Google self-driving car team

Later, the story changed. Google was said to only be testing a carpool service for employees, an app that ”isn’t associated with the company’s driverless car program.”

Are these moves by the titans of transportation technology a coincidence? Unlikely.

Google, like Uber, is building toward an ambitious future: efficient cities served by universal broadband with on-demand driverless cars and delivery networks. To make the vision work at scale, a successful driverless car is only part of the solution. It will need to be combined with an algorithmic ride dispatch platform and, ultimately, with a ubiquitous social network like Facebook.

Driver Demand Heat Map

A service like this — DriveNet — will lead to fundamental changes in our society: the end of individual car ownership, enabled by a hyper-intelligent algorithm that predicts and provides for our daily transportation needs.

The Driverless Car

The autonomous driverless car is wondrous. And inspiring. Which is why Google has taken it on. When perfected — and it has a long way to go — it will make millions more productive, letting them work safely during their commute. It will also greatly reduce highway fatalities by letting tired, drunk or inexperienced drivers sit back and give up the wheel.

The Google car today can handle well-mapped areas

But how will these driverless cars fit into our lives? Will they be purchased by individuals, to be parked in their driveways to serve their specific needs, just as cars are today?

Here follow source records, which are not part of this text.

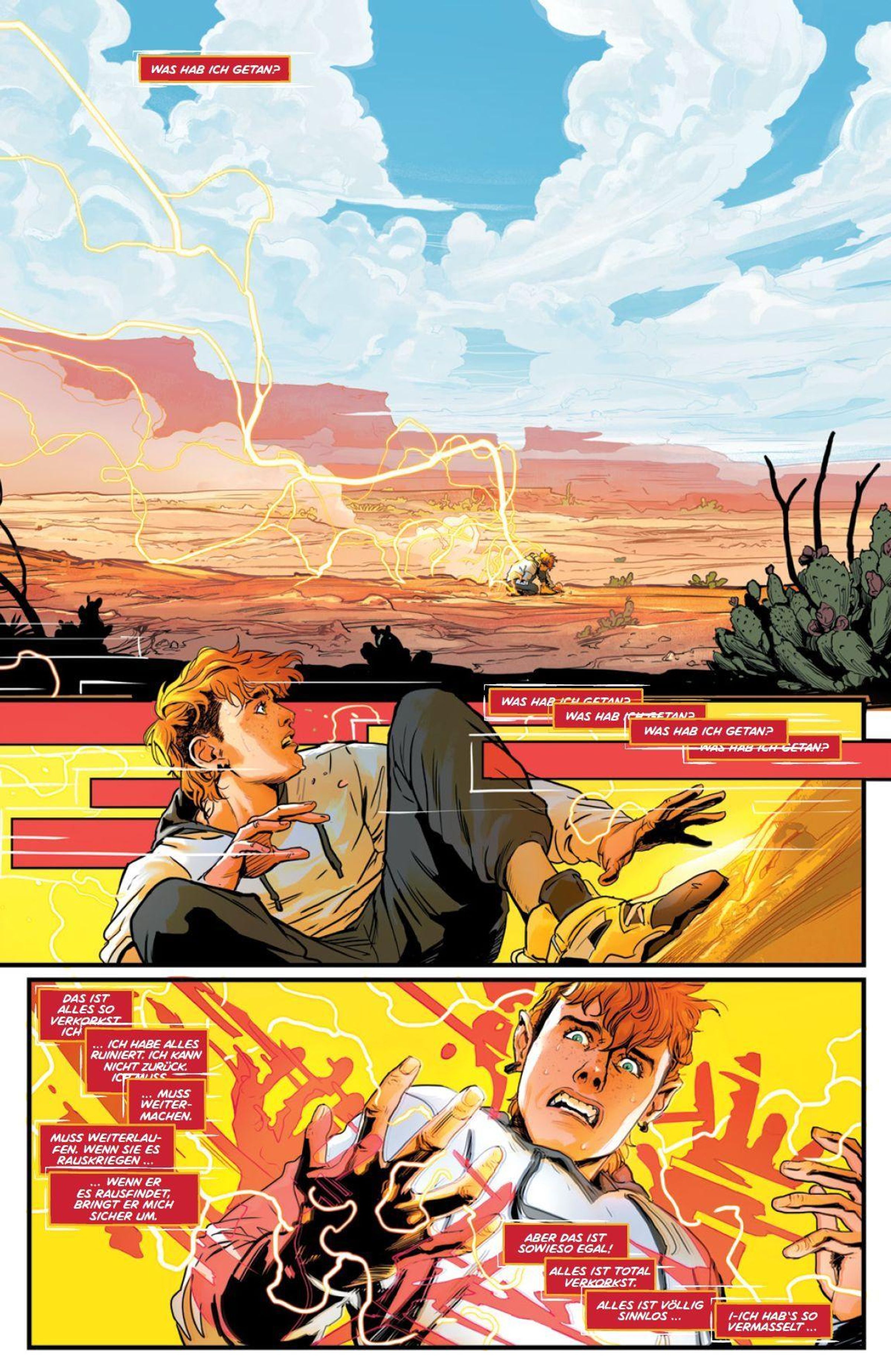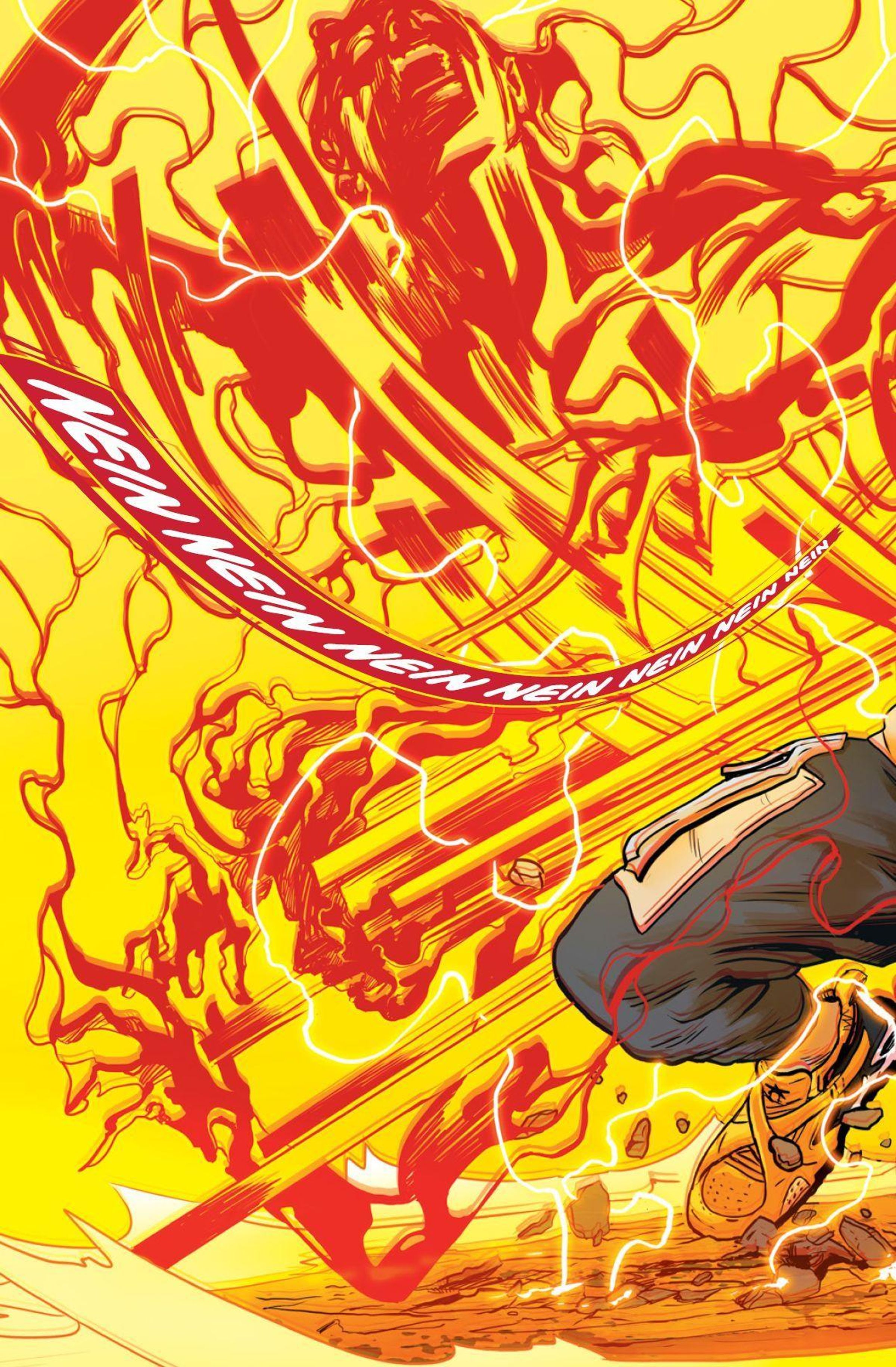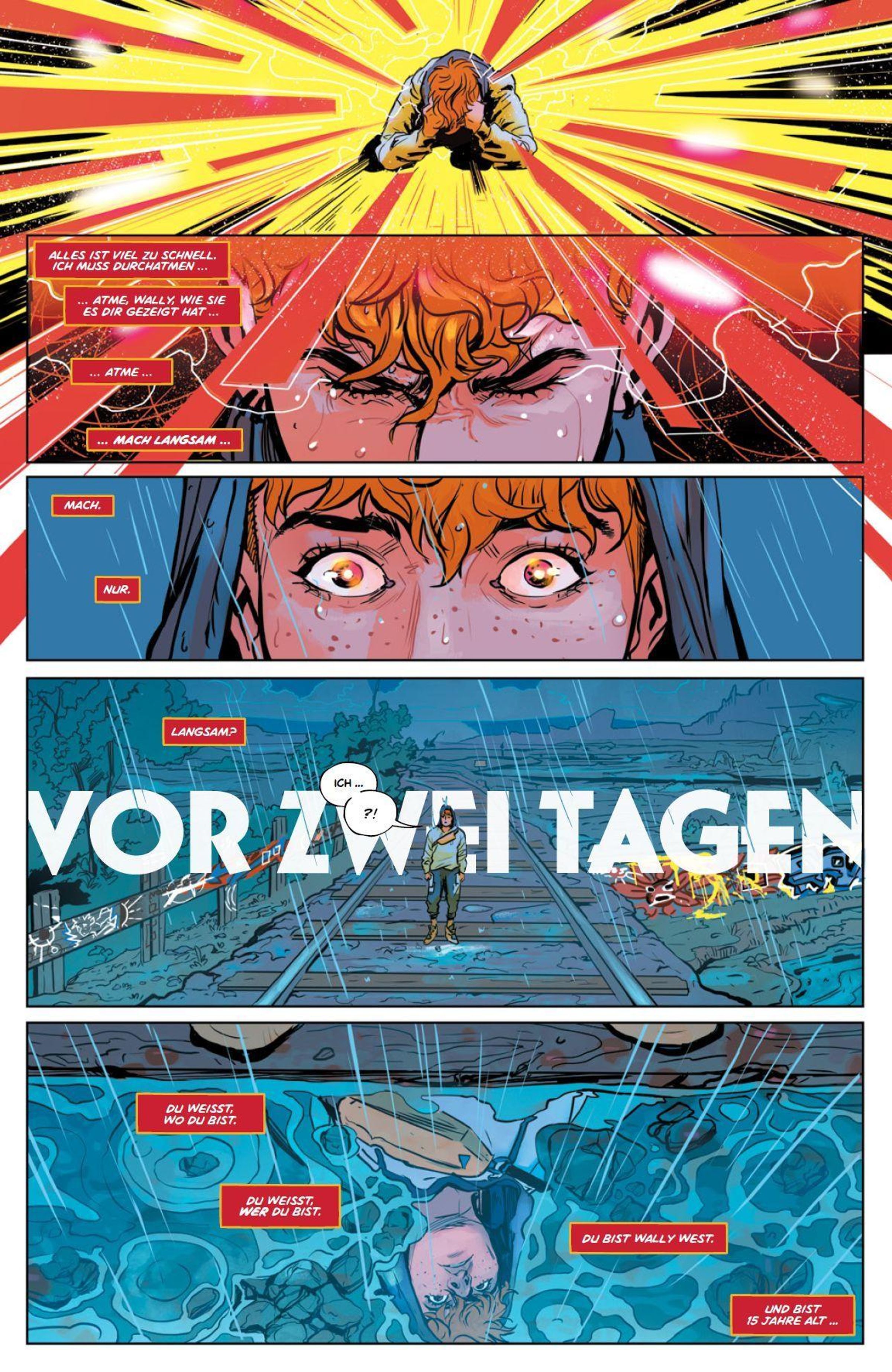 RENN UM DEIN LEBEN! Im neuen, finsteren Absolute-Universum hat der junge Wally West einige Probleme: Seine Mutter ist tot und zu seinem Vater Rudy, Colonel bei der Army, hat er keinen guten Draht. Außerdem fehlen dem Armeekind Freunde. In dieser angespannten Lage lernt er den Wissenschaftler Barry Allen kennen, der ihn zur Ablenkung in sein Labor auf der Armeebasis einlädt. Dabei kommt es zu einem Zwischenfall, der Wallys Leben völlig verändert und ihm seltsame Kräfte verleiht. Aus Angst rennt er davon und ist fortan auf der Flucht vor den fiesen Rogues, die ihn zurück zu seinem Vater bringen sollen.
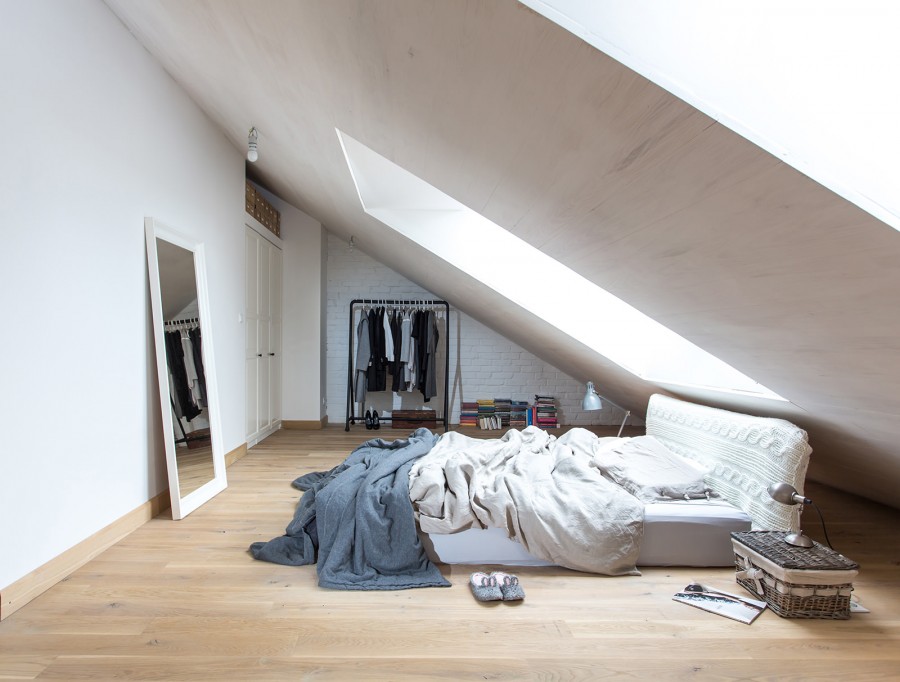 В силу наклонных стен не получится использовать обычный платяной шкаф, хорошей альтернативой станет встроенная мебель, выполненная как одно целое со стеной.
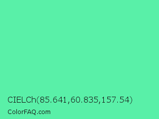 CIELCh 85.641,60.835,157.54 Color is a light green color and the nearest color is Medium Aquamarine #66ddaa. Hex code #59f0a8 and RGB value is rgb(89,240,168). In RGB color space, this color is composed of 35% red, 94% green, 66% blue, In CMYK color space, this color is composed of 63% cyan, 0% magenta, 30% yellow , 6% black , In HSL color space, this color has a hue angle of 151° , 83% saturation and 65% lightness.
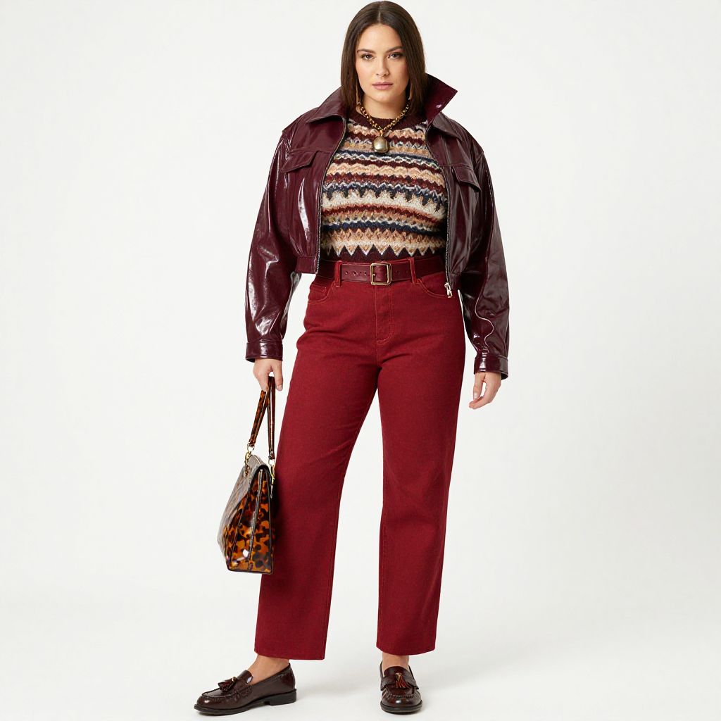 "Woman, retro-inspired, cropped burgundy vinyl jacket with pointed collar and flap pockets, geometric patterned knit sweater in earth tones with a scalloped hem, high-waisted straight-leg red denim trousers with matching belt, brown leather loafers with tassels, metallic pendant necklace, tortoiseshell print handbag, white background with studio lighting.. Sexy. Pretty face and beаutiful eyes. Big breasts."
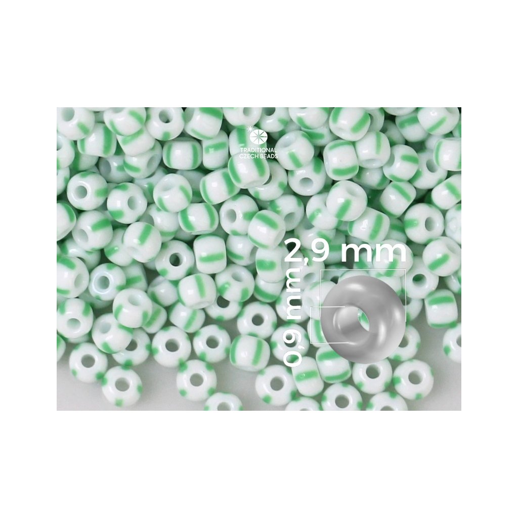 Preciosa STRIPED rokajl 8/0 2,9 mm Bílá Zelená 03850 50 g
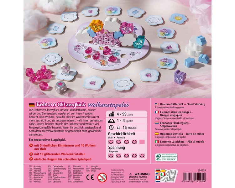Einhorn Glitzerglück – Wolkenstapelei von HABA ist ein kooperatives Stapelspiel für Kinder ab 4 Jahren
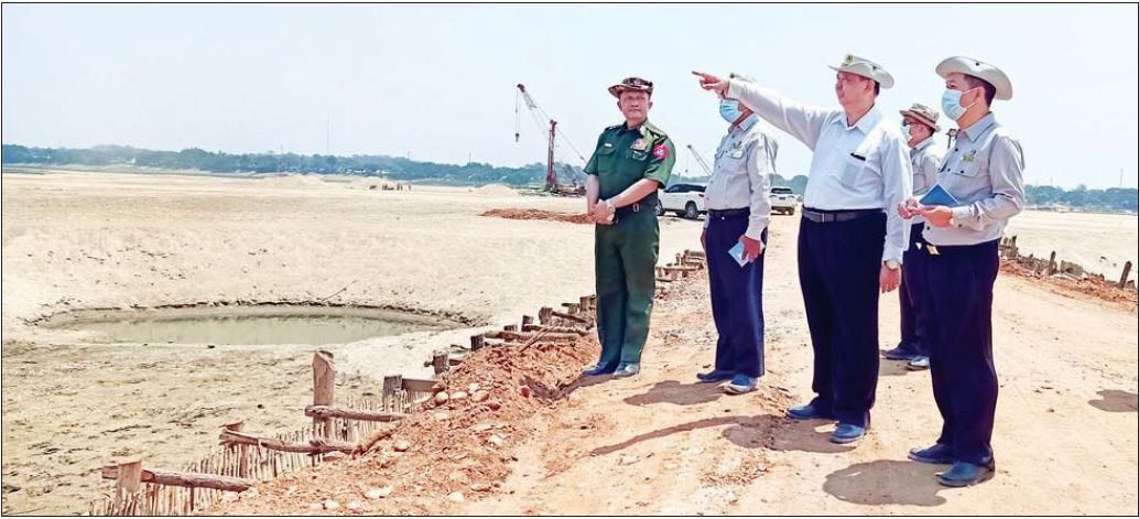 ထို့နောက် ပြည်ထောင်စုဝန်ကြီး၊ မကွေးတိုင်းဒေသကြီး စီမံအုပ်ချုပ်ရေးကောင်စီအဖွဲ့ဝင်နှင့် တာဝန်ရှိသူများသည် အောင်လံဘက်ခြမ်း တံတားလုပ်ငန်းများ ဆောင်ရွက်ထားရှိမှုအခြေအနေကို လည်းကောင်း၊ ရေလယ်ကျွန်းပေါ်သို့သွားရောက်၍ ရေလယ်တိုင်အမှတ် (RP6 - RP7- RP8- RP9- RP10- RP11) တိုင်လုပ်ငန်းများ ဆောင်ရွက်နေမှုကို လည်းကောင်း၊ ရေလယ်တိုင်အမှတ်(RP-8)တွင် Pile Cap သံဆင်ခြင်း လုပ်ငန်းဆောင်ရွက်နေမှု အခြေအနေကို လည်းကောင်း၊ သရက်ဘက် ကမ်းတွင် ရေကြောင်းသွားသင်္ဘောများ အန္တရာယ်ကင်းစွာ သွားလာနိုင်ရေးနှင့် လုပ်ငန်းဆောင်ရွက်နေမှု အခြေအနေတို့ကို လည်းကောင်း ကြည့်ရှုစစ်ဆေးပြီး တာဝန်ရှိသူများအား လုပ်ငန်းလိုအပ်ချက်များ မှာကြားသည်။ ။
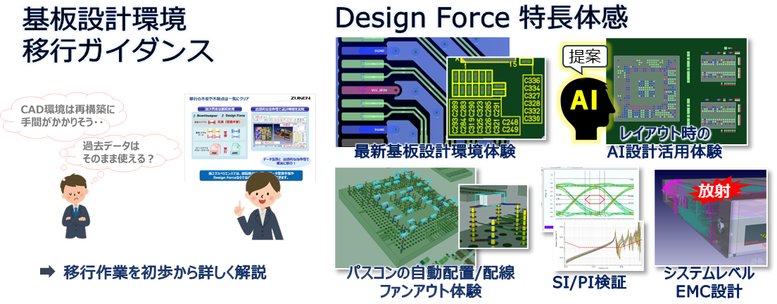 | 内容 | プログラム: 1. Board Designerからの移行ガイダンス 2. 従来CADを凌駕する【最新基板設計環境】 3. 自動ツールの利活用でさらなる時短を【"新"自動配置・配線設計】 4. 解析を設計者に【マルチボードSI/PI/EMC設計】 5. お客様の基板データを用いた【自由操作体感】 ※ 各会場いずれも、1部署2名様までのお申し込みでお願いします。 ※ 同業他社様のご参加はご遠慮願います。 |

Probably not. Early movies looked a lot like the stage plays that preceded them. And early TV programs sounded a lot like radio. Its often hard for us to make the leap of imagination, so we keep thinking of the new thing as just the old thing, improved.

The endgame: the end of individual car ownership, enabled by a hyper-intelligent algorithm that predicts and provides for our daily transportation needs.

But if we do make that leap, its likely that our driverless cars will not be parked in driveways but be available in a whole new way — shared via an on-demand service.

Google is already thinking along those lines. Chris Urmson, the head of Google’s Driverless Car program, shared:

“We’re thinking a lot about how .. this might become useful in people’s lives. One is in the direction of the shared vehicle. The technology would be such that you can call up the vehicle and tell it where to go and then have it take you there.”

They made a great video of the first test with real people: http://youtu.be/CqSDWoAhvLU

The idea is that pools of autonomous cars roam the streets and move between neighborhoods to anticipate and respond to demand. They are hailed via phones, arrive within a few minutes, and after dropping you off move on seamlessly to the next passenger. Congestion and the need for parking in crowded cites is eliminated. Costs drop dramatically (.50 cent taxi rides?) as no drivers are needed to maintain the service.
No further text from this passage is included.